IMO, ICS is the only way to go.   It has the highest absorbtion rate of any other whey protiens and it tastes very good.


----------



## jfarnsworth (Dec 29, 2005)

Shirt Ripper said:
			
		

> ... I have used a more moderately priced powder for 5 or 6 years now with great satisfaction. Optimum Nutrition's 100% Whey. 24 grams of protien per serving, a mixture of vitamins and minerals and representation of the other major macros. ...


 
This is the one I use and have had good results with it. At least I think so anyway. It's the best bang for the buck, mixes easily with water and tastes just fine to me.


----------



## 7starmantis (Dec 29, 2005)

Lisa said:
			
		

> What is the brand name of the one you use?

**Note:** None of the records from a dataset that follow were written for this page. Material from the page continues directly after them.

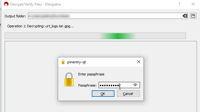 It was time for troubleshooting log review. Thankfully it automatically generates log bundle urt_logs.tar.gpg and encrypts it with the password.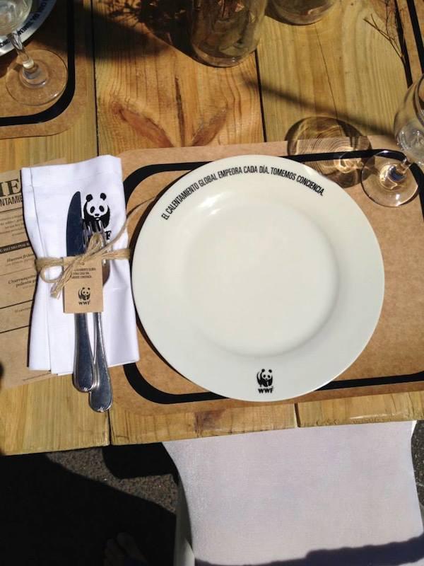 На специальной посуде WWF, которую раздали посетителям, было написано: «Глобальное потепление. Ситуация ухудшается с каждым днем. Пора осознать проблему».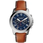 ساعة فوسيل للرجال اصلية موديل (جرانت) Grant FS5210 بلون ازرق واستيك جلد بلون بني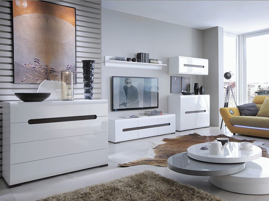 Glossy elemes nappali magasfényű fehér / mágikus wenge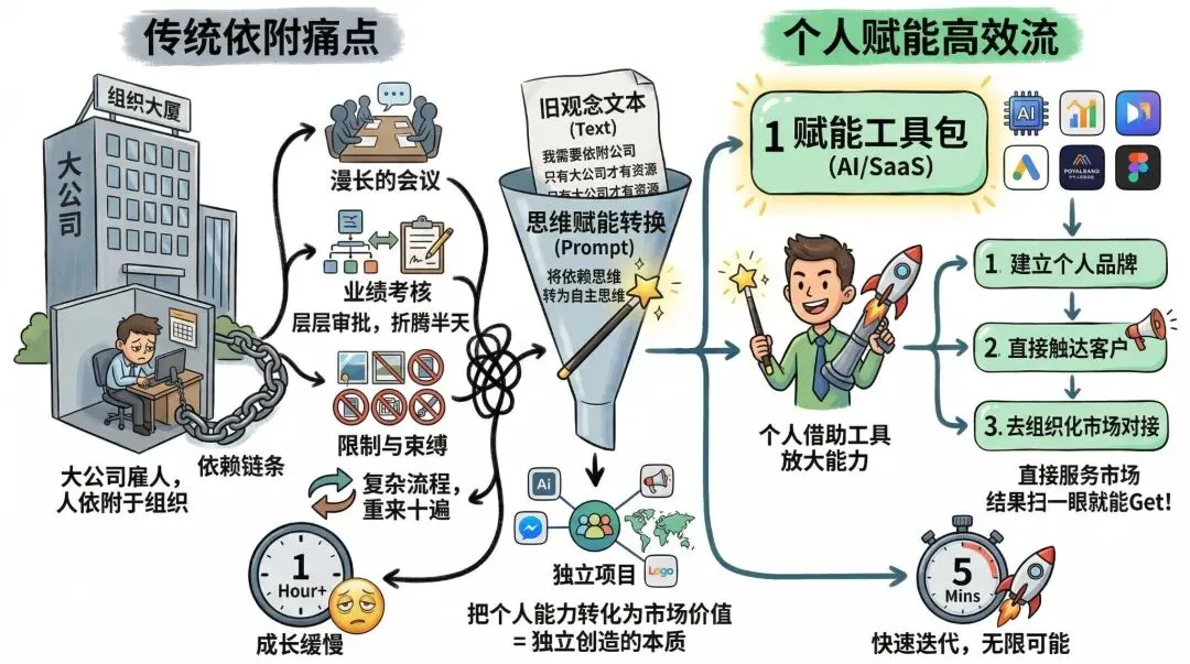 现在是:个人借助工具放大能力,绕开组织直接服务市场。

Its called Shapeworks its a company owned by Herbalife you have to get it from a supplier. I chose it because its customizable to each person. Also it contains only naturally derived ingredients. They have one for loosing weight, gaining weight, athletes, etc.

7sm


----------



## Shirt Ripper (Dec 29, 2005)

jfarnsworth said:
			
		

> This is the one I use and have had good results with it. At least I think so anyway. It's the best bang for the buck, mixes easily with water and tastes just fine to me.



Ugh, I could barely handle getting it down with water...but I'm a big milk guy anyway.  More power to you though...


----------



## mantis (Dec 29, 2005)

Shirt Ripper said:
			
		

> Ugh, I could barely handle getting it down with water...but I'm a big milk guy anyway. More power to you though...


my first posts i was saying it's nasty and it almost makes me puke when i get it down my throat, but every body was say it tastes great so i thought there's something wrong with me, and i almost wanted to take that back. 
thanks for your comment, at least im not the only one!


----------



## jfarnsworth (Dec 29, 2005)

Shirt Ripper said:
			
		

> Ugh, I could barely handle getting it down with water...but I'm a big milk guy anyway. More power to you though...


I think it's the best tasting powder I have come across. Don't get me wrong when I want to put it in a blender it's mixed with milk, fresh fruit, and wheat germ. Other than that I use water every time.


----------



## arnisador (Jan 1, 2006)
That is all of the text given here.